Scientists found a way to create simple batteryless devices for the Internet of Things

There are certain electronic components that do not need a battery. They are various sensors that do not need their own source of energy. Now researchers at the University of Waterloo have taken a huge step towards making effective IoT devices that do not use batteries or require charging. This could be a breakthrough lowering the maintenance costs as well as expanding possibilities of these devices.

RFIT tags are ubiquitous – they are use ranges from identification cards to cattle eartags. Image credit: Alicia Nijdam via Wikimedia (CC BY 2.0)

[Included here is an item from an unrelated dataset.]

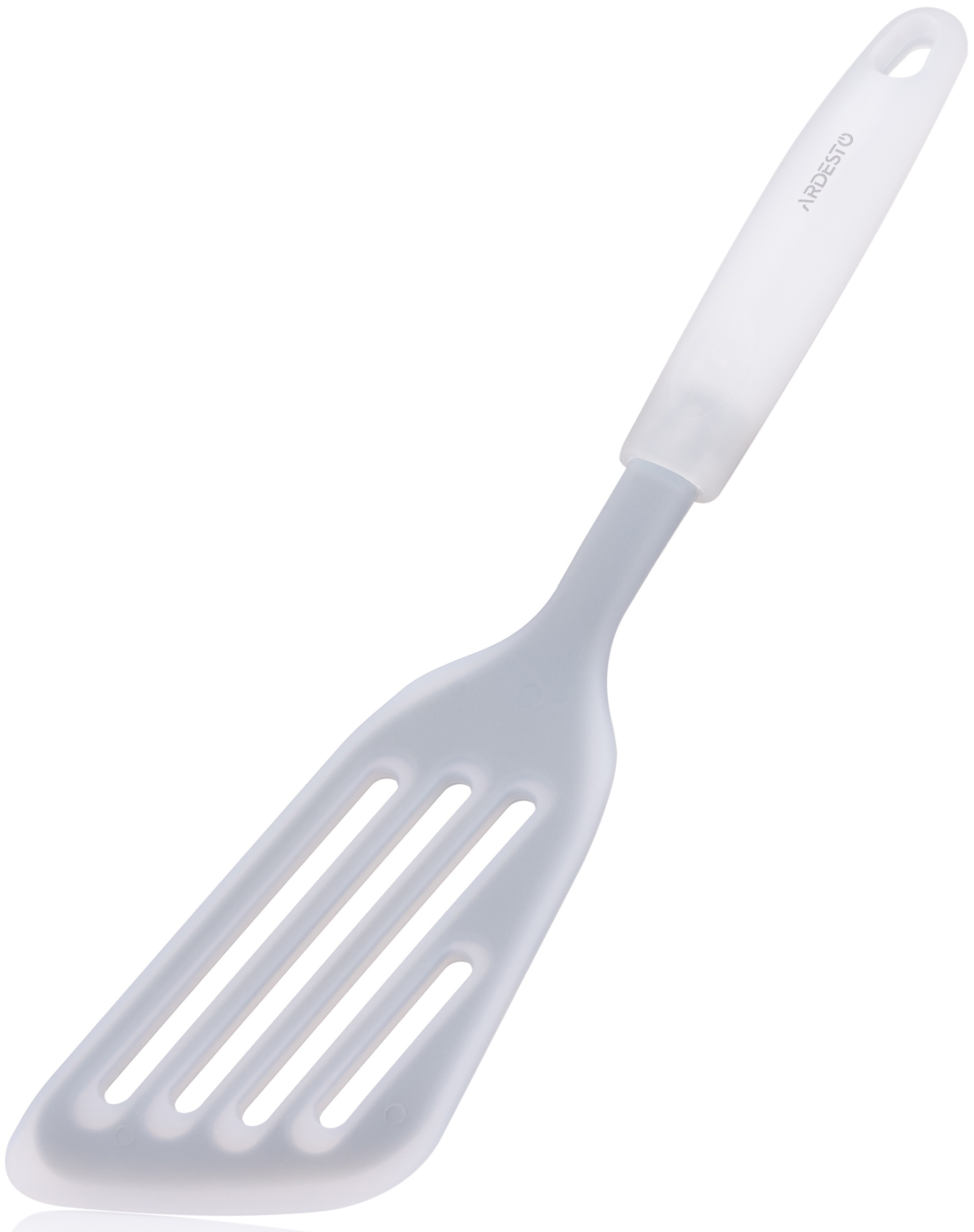 ARDESTO Fresh slotted spatula is a reliable helper in the kitchen. The spatula made of nylon and silicone will not damage the surface of the dishes and can withstand high temperatures. The comfortable handle made of gray plastic ensures full concentration on cooking. The size is 32 × 7.5 cm. It is dishwasher safe.

Internet of Things devices already exist. They can monitor certain parameters of the environment, such as the temperature, lighting, noise and pollution levels and so on. They do need some source of energy, which in many cases ends up being a battery. They need charging, which increases the amount of needed maintenance. Time costs money and charging is just a hassle, which is why batteryless IoT devices are such a desirable option. Now scientists have found a way to use radio frequency identification (RFID) tags to sense the environment.

RFID tags are found in various objects. They are just some squiggly ribbons of metal with electronic chips. Hacking RFID tags to make them perform this new task is actually surprisingly easy. Scientists just cut out a section of the antenna and attached a sensor to complete the circuit. Usually RFID tags provide only location and identification, but with a new sensor they are able to give more information about the environment. For example, inserting a tiny phototransistor into the circuit gives RFID tag eyes – exposed to light phototransistor changes properties of the antenna and the reader can detect those changes. This allows for interpretation, which provides information about light levels around the sensor. But other devices can be added to RFID tags as well.

Scientists say that the simplest hack is adding a switch, which makes RFID tag behave like a keypad – it starts responding to touch, which could be useful in monitoring activity of various industrial machines. Professor Omid Abari, one of the scientists behind this project, said: “We see this as a good example of a complete software-hardware system for IoT devices. We hacked simple hardware — we cut RFID tags and placed a sensor on them. Then we designed new algorithms and combined the software and hardware to enable new applications and capabilities”.

The best thing about it is just how easy it is to do. RFIT tags are ubiquitous, they are cheap and very simple, which makes these IoT devices a viable option for a wide variety of applications.